Requirement -> Exactly as written, return every line of the data below apart from the pictures.

--- Given records Enclosed Below ---

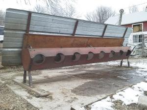 Fett looks for grain drills that are at least 10 to 11 ft. long. That lets him position at least 8 feeding stations on one side and 7 on the other. He strips away everything but the bare box with its cover and the hardware that attaches it to the frame. The rest goes for salvage at or above the price that the entire grain drill would bring.
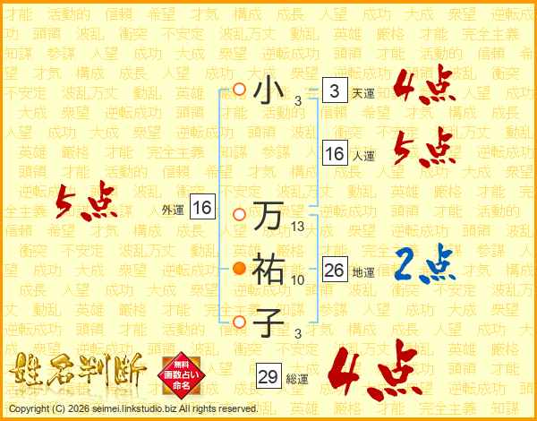 小万祐子さんの総運は29画の4点!
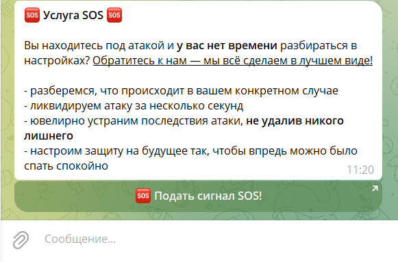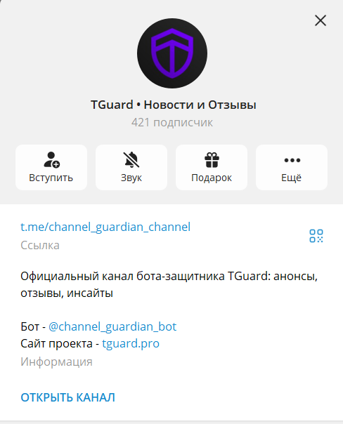 Есть также телеграмм-канал на 421 подписчика – @Channel_guardian_channel, там публикуются новости проекта и обзор инструментов бота TGuard. Также в паблике можно встретить кейсы от реальных клиентов, которые сообщают о наплыве ботов – очевидно, что «Тгуард» позиционируется в качестве экстренного инструмента помощи.
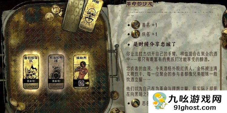 第三个是“白肚皮”,需要建一个房子,触发抓贼的情节,把主角和杀戮卡放进去,你可以打破银色及以下,第四个名字叫“赤裸裸的茶会”,你必须先去奴隶市场买瑞尔,如果市场已经燃烧,帮助瑞尔在妓院时间,触发茶会后,你可以得到2个罪行,3个诽谤,2个侠义名称,它还将扣除1个好名字,让快乐的博物馆关闭,同时折叠银杀死及以下,第五个是“革命沙龙”,以确保你的侠义名称≥18.并且在前期做过“危险派对”任务,才能触发沙龙,它可以增加1点恶名,5点权力,扣除1点法拉杰的魅力。
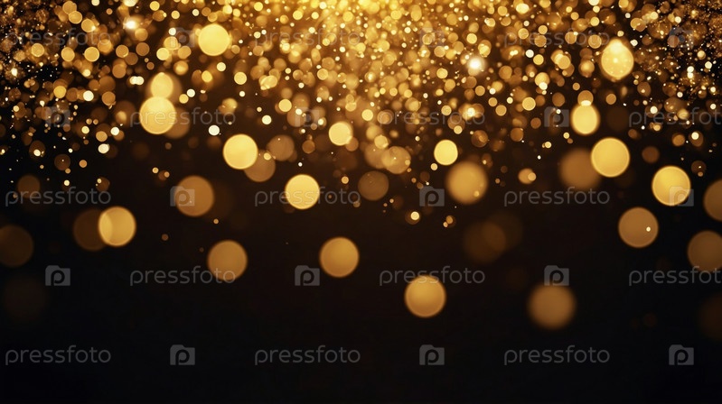 Мягкие золотистые шары освещают темный фон, усиливая праздничную атмосферу и вызывая ощущение торжества и радости

--- End of Enclosed Given records ---

Written response ->
 Fett looks for grain drills that are at least 10 to 11 ft. long. That lets him position at least 8 feeding stations on one side and 7 on the other. He strips away everything but the bare box with its cover and the hardware that attaches it to the frame. The rest goes for salvage at or above the price that the entire grain drill would bring.
 小万祐子さんの総運は29画の4点!
 Есть также телеграмм-канал на 421 подписчика – @Channel_guardian_channel, там публикуются новости проекта и обзор инструментов бота TGuard. Также в паблике можно встретить кейсы от реальных клиентов, которые сообщают о наплыве ботов – очевидно, что «Тгуард» позиционируется в качестве экстренного инструмента помощи.
 第三个是“白肚皮”,需要建一个房子,触发抓贼的情节,把主角和杀戮卡放进去,你可以打破银色及以下,第四个名字叫“赤裸裸的茶会”,你必须先去奴隶市场买瑞尔,如果市场已经燃烧,帮助瑞尔在妓院时间,触发茶会后,你可以得到2个罪行,3个诽谤,2个侠义名称,它还将扣除1个好名字,让快乐的博物馆关闭,同时折叠银杀死及以下,第五个是“革命沙龙”,以确保你的侠义名称≥18.并且在前期做过“危险派对”任务,才能触发沙龙,它可以增加1点恶名,5点权力,扣除1点法拉杰的魅力。
 Мягкие золотистые шары освещают темный фон, усиливая праздничную атмосферу и вызывая ощущение торжества и радости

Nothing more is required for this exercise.